#### Task statement
Would you retype the listing below word for word, without any of its pictures?

#### Information supplied
□ □ □

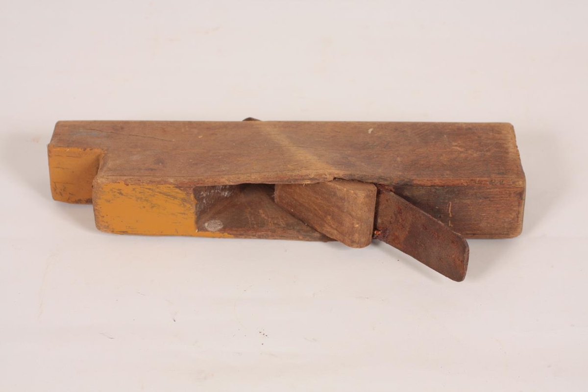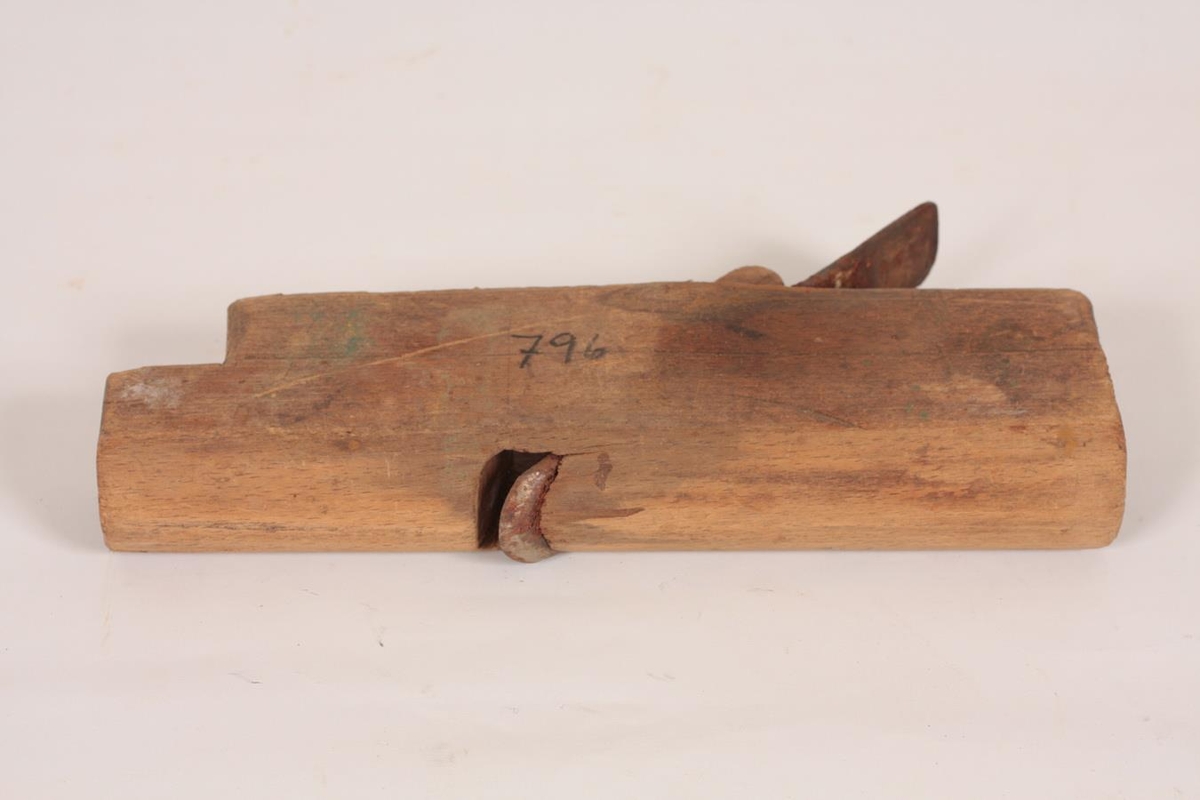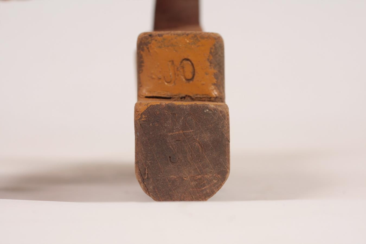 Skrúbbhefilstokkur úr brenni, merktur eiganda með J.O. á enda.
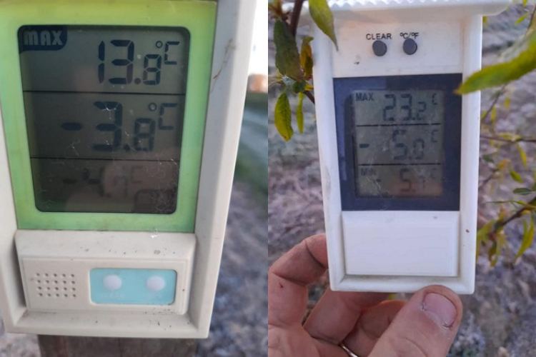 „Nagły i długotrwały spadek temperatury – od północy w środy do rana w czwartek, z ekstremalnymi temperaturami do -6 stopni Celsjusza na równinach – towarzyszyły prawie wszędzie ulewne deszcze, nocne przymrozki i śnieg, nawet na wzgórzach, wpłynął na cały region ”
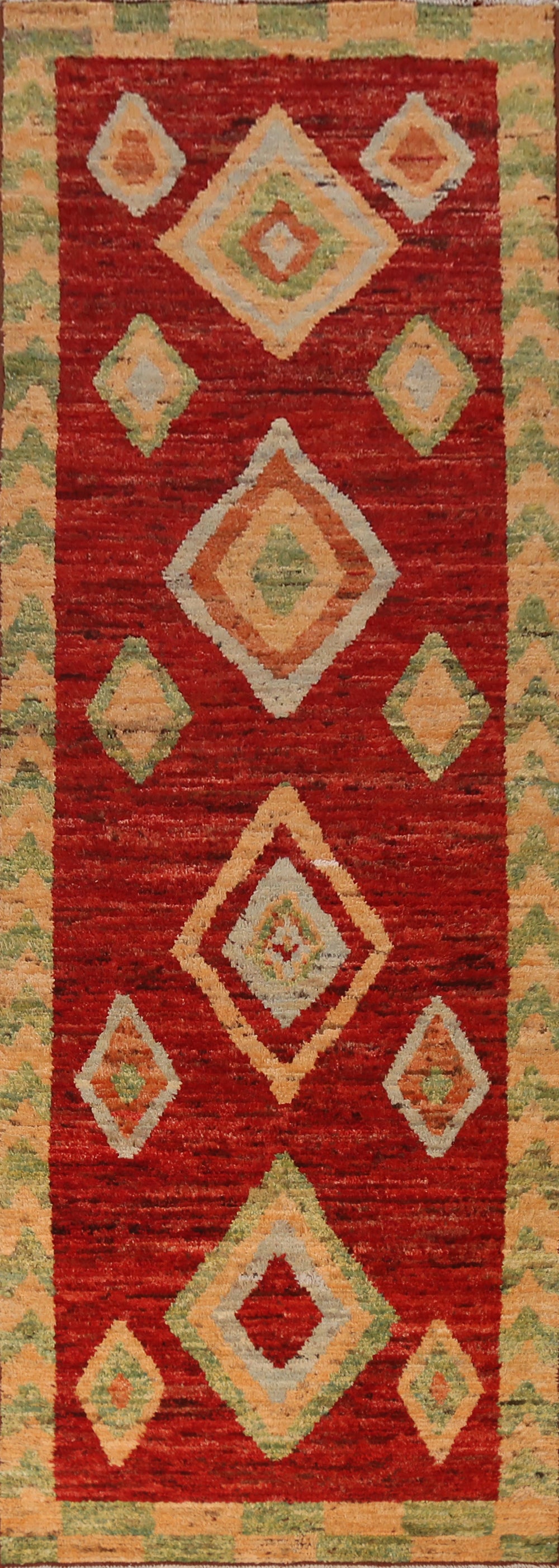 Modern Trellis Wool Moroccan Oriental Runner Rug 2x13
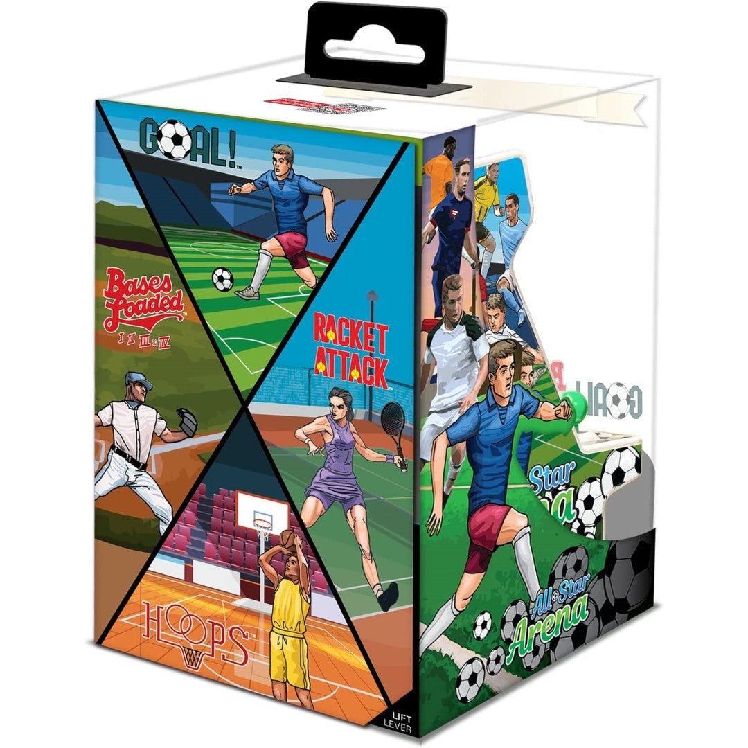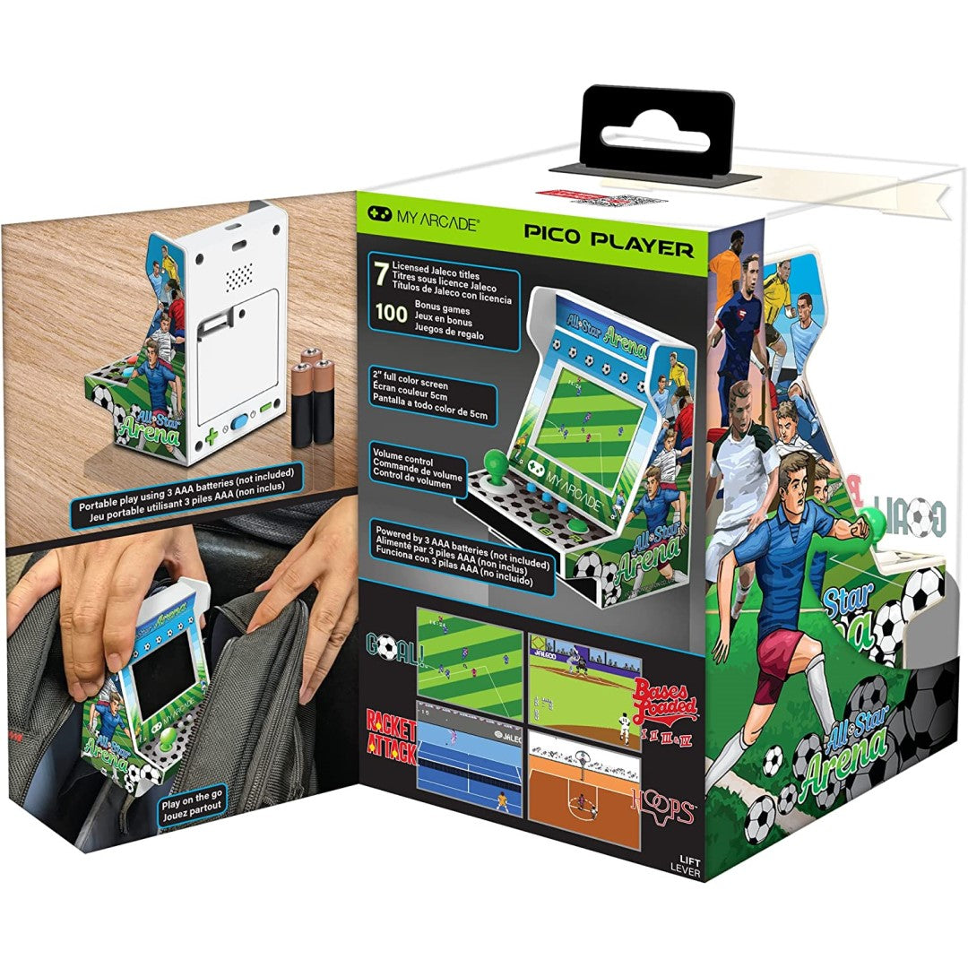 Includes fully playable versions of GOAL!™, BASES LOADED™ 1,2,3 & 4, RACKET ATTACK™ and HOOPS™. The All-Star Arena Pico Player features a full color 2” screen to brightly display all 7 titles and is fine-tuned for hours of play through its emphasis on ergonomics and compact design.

□ □ □

#### Your response
 Skrúbbhefilstokkur úr brenni, merktur eiganda með J.O. á enda.
 „Nagły i długotrwały spadek temperatury – od północy w środy do rana w czwartek, z ekstremalnymi temperaturami do -6 stopni Celsjusza na równinach – towarzyszyły prawie wszędzie ulewne deszcze, nocne przymrozki i śnieg, nawet na wzgórzach, wpłynął na cały region ”
 Modern Trellis Wool Moroccan Oriental Runner Rug 2x13
 Includes fully playable versions of GOAL!™, BASES LOADED™ 1,2,3 & 4, RACKET ATTACK™ and HOOPS™. The All-Star Arena Pico Player features a full color 2” screen to brightly display all 7 titles and is fine-tuned for hours of play through its emphasis on ergonomics and compact design.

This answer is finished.